■ Data below
******
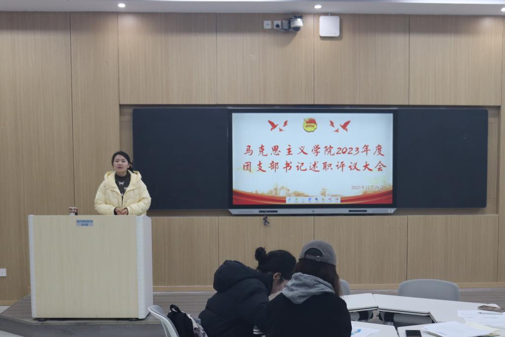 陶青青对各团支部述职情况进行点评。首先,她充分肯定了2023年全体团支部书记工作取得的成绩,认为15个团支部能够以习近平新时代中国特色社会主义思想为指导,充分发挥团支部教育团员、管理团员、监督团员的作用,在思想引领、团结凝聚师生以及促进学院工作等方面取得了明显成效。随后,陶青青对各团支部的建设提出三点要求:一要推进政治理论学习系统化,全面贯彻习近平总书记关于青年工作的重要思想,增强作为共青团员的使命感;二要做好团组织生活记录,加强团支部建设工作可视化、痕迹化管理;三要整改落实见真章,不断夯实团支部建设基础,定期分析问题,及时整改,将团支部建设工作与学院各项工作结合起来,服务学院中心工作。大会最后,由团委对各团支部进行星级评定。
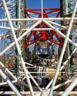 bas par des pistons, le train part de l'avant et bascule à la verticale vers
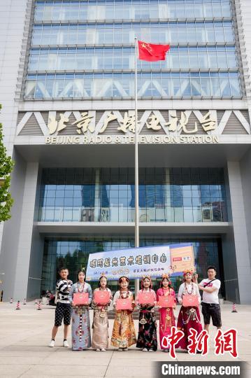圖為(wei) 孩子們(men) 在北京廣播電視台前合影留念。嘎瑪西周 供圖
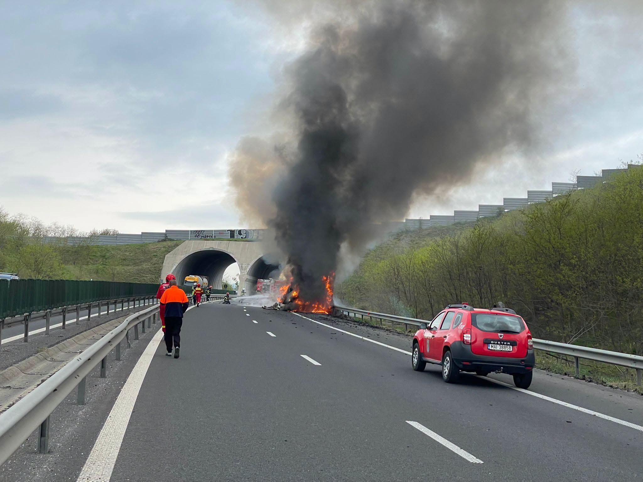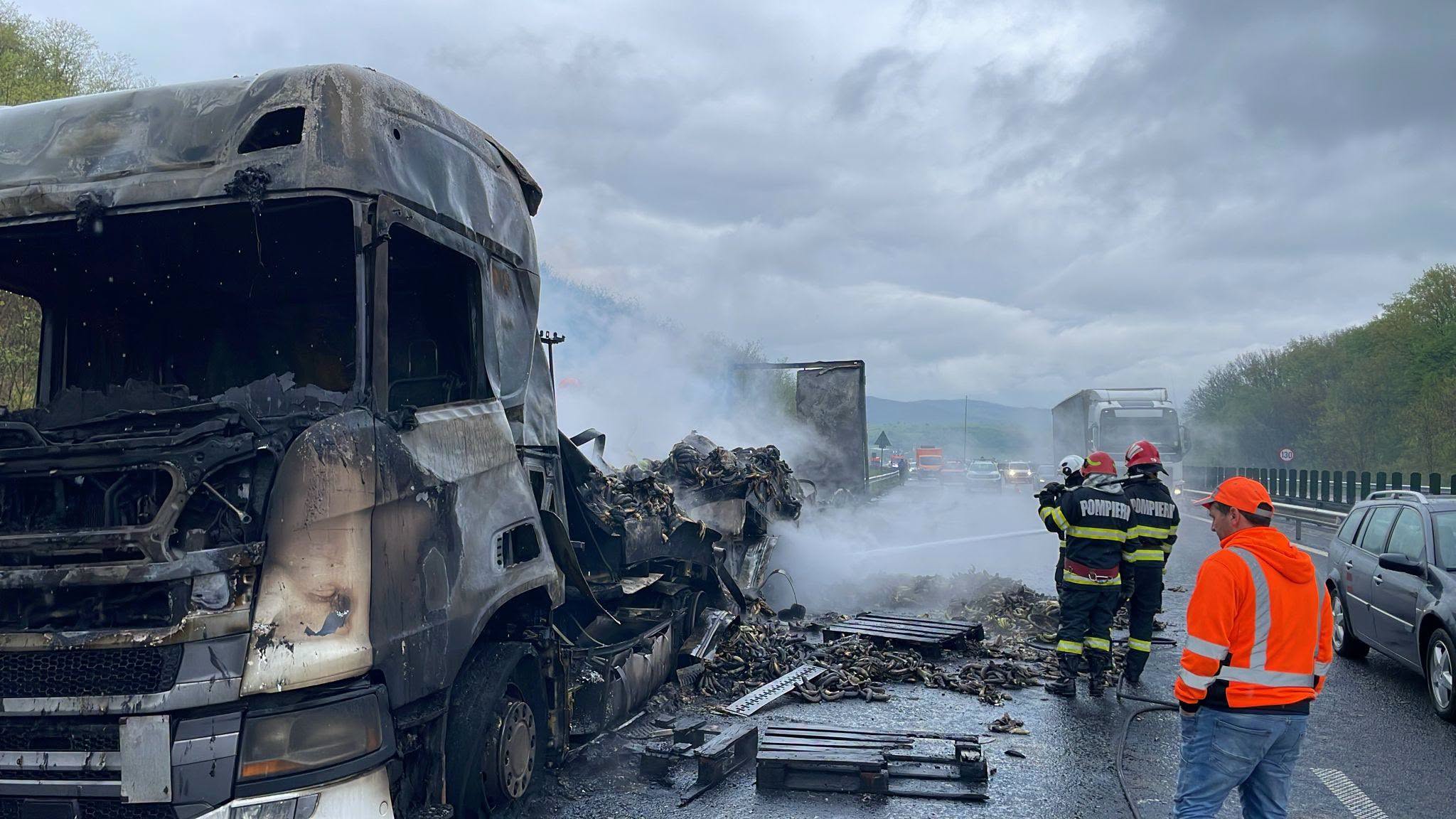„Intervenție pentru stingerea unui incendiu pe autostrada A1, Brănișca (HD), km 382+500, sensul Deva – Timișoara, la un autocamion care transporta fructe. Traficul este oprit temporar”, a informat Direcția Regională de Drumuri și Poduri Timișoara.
******
■ Required action
After locating the line that contains "圖為(wei) 孩子們(men) 在北京廣播電視台前合影留念。嘎瑪西周 供圖", output it and all later lines through the end of the material exactly, leaving out pictures.

■ Exercise response
圖為(wei) 孩子們(men) 在北京廣播電視台前合影留念。嘎瑪西周 供圖
„Intervenție pentru stingerea unui incendiu pe autostrada A1, Brănișca (HD), km 382+500, sensul Deva – Timișoara, la un autocamion care transporta fructe. Traficul este oprit temporar”, a informat Direcția Regională de Drumuri și Poduri Timișoara.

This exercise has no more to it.